Parliamentarism and 10% Less Democracy
"10% Less Democracy" is a good book with an unfortunate title. Garett Jones does an excellent job presenting the evidence that plebiscitary decision-making is perilous to societies. That is why independent central banks perform better than central banks pressured by public opinion, why elected judges perform worse, and appointed city treasurers perform better.

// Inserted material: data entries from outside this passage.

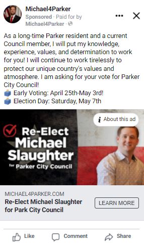 Michael Slaughter is a long-time resident of Parker, TX and a City Council member. He wanted to get re-elected onto City Council, so he decided to run a postcard marketing campaign with PostcardMania.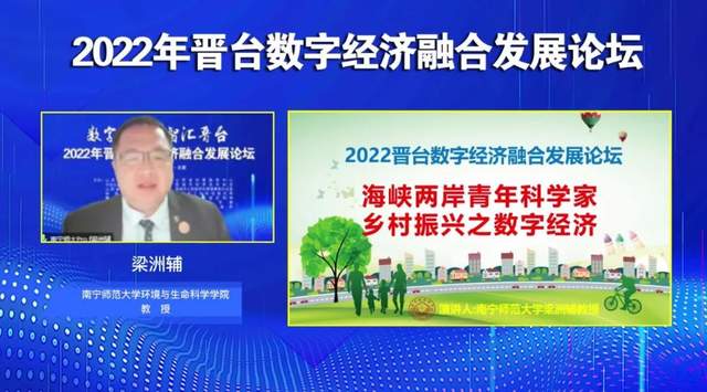 南宁师范大学环境与生命科学学院教授梁洲辅作主题为《海峡两岸青年科学家乡村振兴之数字经济》的报告,围绕乡村振兴数字经济发展战略,从什么是乡村振兴、乡村振兴怎么走,乡村振兴基本原则,数字经济基本原则,提升农业发展等方面进行了阐述。他希望海峡两岸青年科学家能到“乡村振兴”的大舞台施展才能,加快推进农业农村现代化数据化,实现抱负,为国家做贡献。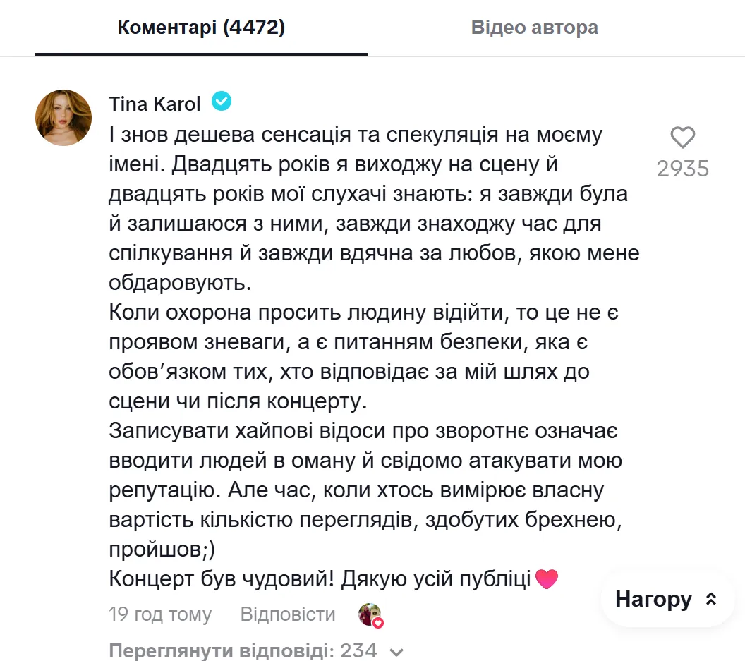 Так, блогер розповів, що відвідав концерт Тіни Кароль у Запоріжжі, але йому не сподобалося ставлення виконавиці до її прихильників. За словами чоловіка, співачка не з усіма охочими сфотографувалася після виступу, а її охорона попросила розступитися, щоб Тіна Кароль пройшла.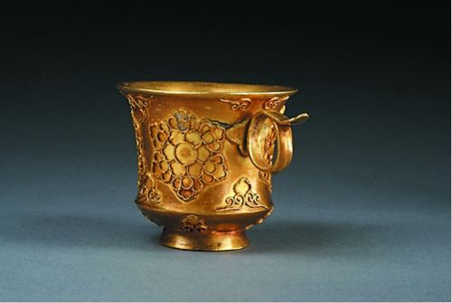 唐代的金银器呈现出了浓郁的异域色彩与前所未有的多样性。当时因东西方贸易往来频繁,唐人大量吸收了粟特、波斯萨珊等西亚和中亚金银器发达地区的工艺、造型和纹饰,经过唐代工匠不断的改进和调整最终形成自己的风格,这件器物的原型来自中亚粟特带把杯,但有两个创新细节,一是把上的指垫做成叶芽形状,环把的下面省略了指鋬。这一不同改变了粟特器物固有的风格,却在中国汉晋器物上能够找到渊源。二是把唐朝人喜爱的掐丝、焊缀和镶嵌工艺运用到器物的制作上。这种局部改造没有涉及使用功能上的变化,只是在审美上符合了唐人的愿望。(许志勇)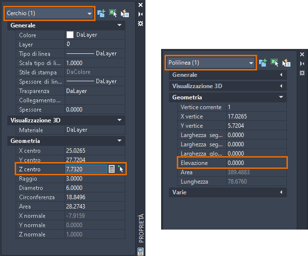 I nomi delle proprietà dell'asse Z saranno differenti per oggetti diversi. Un oggetto può avere una proprietà o una combinazione delle seguenti proprietà: Z iniziale, Z finale, Z posizione (testom), Z centrale (cerchi) o Elevazione (polilinee).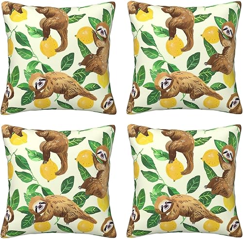 AUBKFELD Lot de 4 housses de coussin imprimées de paresseux mignons sur des citrons jaunes (40 x 40 cm) - Taies d'oreiller décoratives pour la maison - Fermeture éclair dissimulée
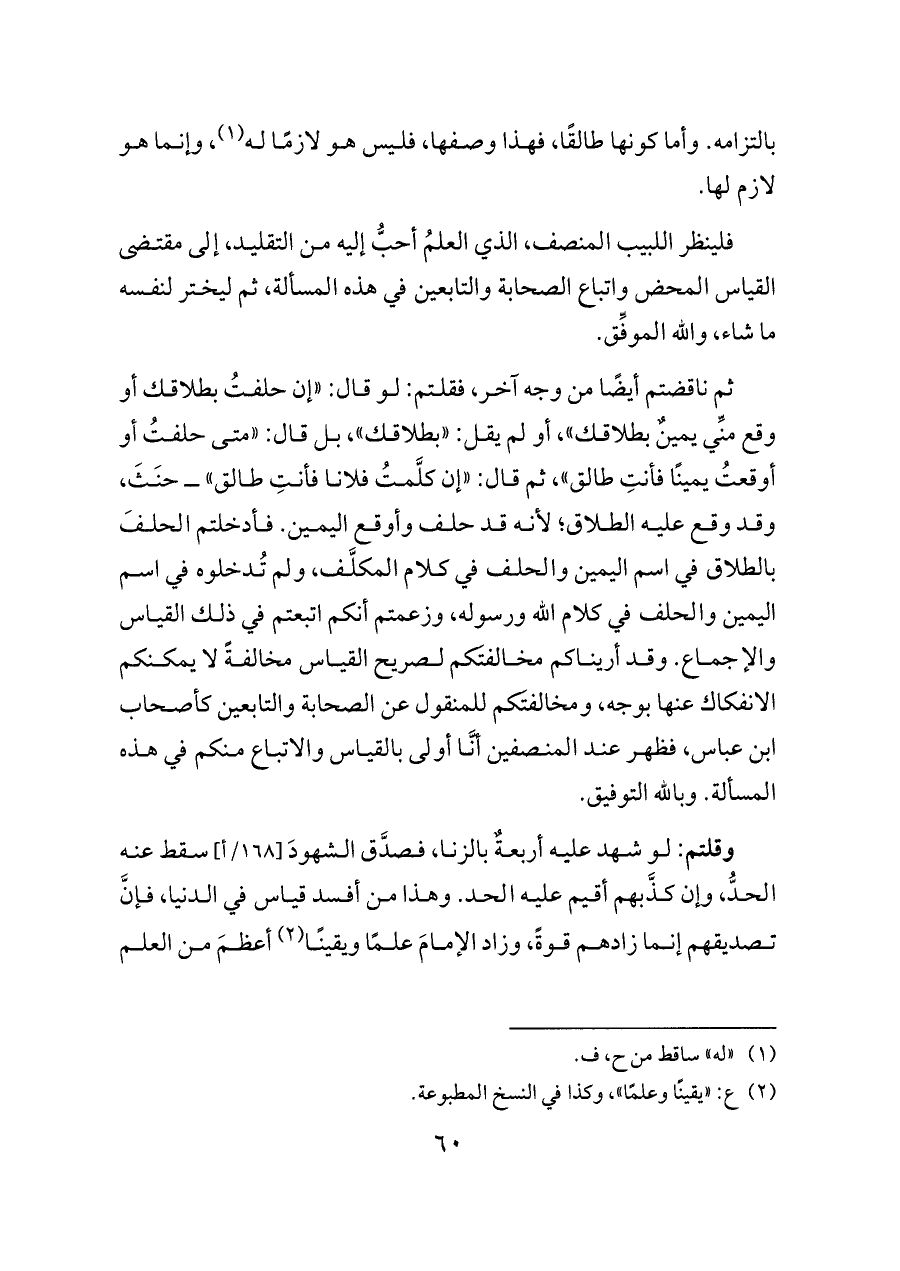 ثم ناقضتم أيضًا من وجه آخر، فقلتم: لو قال: «إن حلفتُ بطلاقك أو وقع منِّي يمينٌ بطلاقك»، أو لم يقل: «بطلاقك»، بل قال: «متى حلفتُ أو أوقعتُ يمينًا فأنتِ طالق»، ثم قال: «إن كلَّمتُ فلانا فأنتِ طالق» ــ حنَثَ، وقد وقع عليه الطلاق؛ لأنه قد حلف وأوقع اليمين. فأدخلتم الحلفَ بالطلاق في اسم اليمين والحلف في كلام المكلَّف، ولم تُدخلوه في اسم اليمين والحلف في كلام الله ورسوله، وزعمتم أنكم اتبعتم في ذلك القياس والإجماع. وقد أريناكم مخالفتَكم لصريح القياس مخالفةً لا يمكنكم الانفكاك عنها بوجه، ومخالفتَكم للمنقول عن الصحابة والتابعين كأصحاب ابن عباس، فظهر عند المنصفين أنَّا أولى بالقياس والاتباع منكم في هذه المسألة. وبالله التوفيق.

The title is unfortunate, however, because are numerous ways one can have 10% less democracy. Exaggerating for effect, it is a bit like suggesting to improve a failed and heavy car by taking 10% of the steel off. Jones would argue, rightly, that this is of course true, and he specifies in his book what are precisely the democratic aspects he would favor reducing. For example, he would stay very far from limiting freedom of speech - all mentions to this institute are positive. His more specific suggestions for 10% less democracy are:
- Longer terms for politicians
- Independent central banks, both on paper and in practice
- A more oligarchical judiciary
- Greater weights for more informed voters
While we agree a lot on the diagnosis, I depart from Jones on these solutions. Take longer terms for politicians. While the suggestion is more specific than only 10% less democracy, it is still not specific enough. Longer terms for which politicians? In a presidential country, this matters a lot. If the president is strong and you increase the terms for the legislature, the effect will be small because of how decisive the form of government is for the future of a country. If, instead, you increase the terms for presidents and other heads of the executive branch, you risk devolving into autocracy, as so many presidential countries have experience. As John Carey puts it: "Concerns about presidential perpetuation in office are as old as presidentialism itself; they followed naturally from the preoccupation among the founders of America’s many republics with maintaining political stability in the absence of monarchy."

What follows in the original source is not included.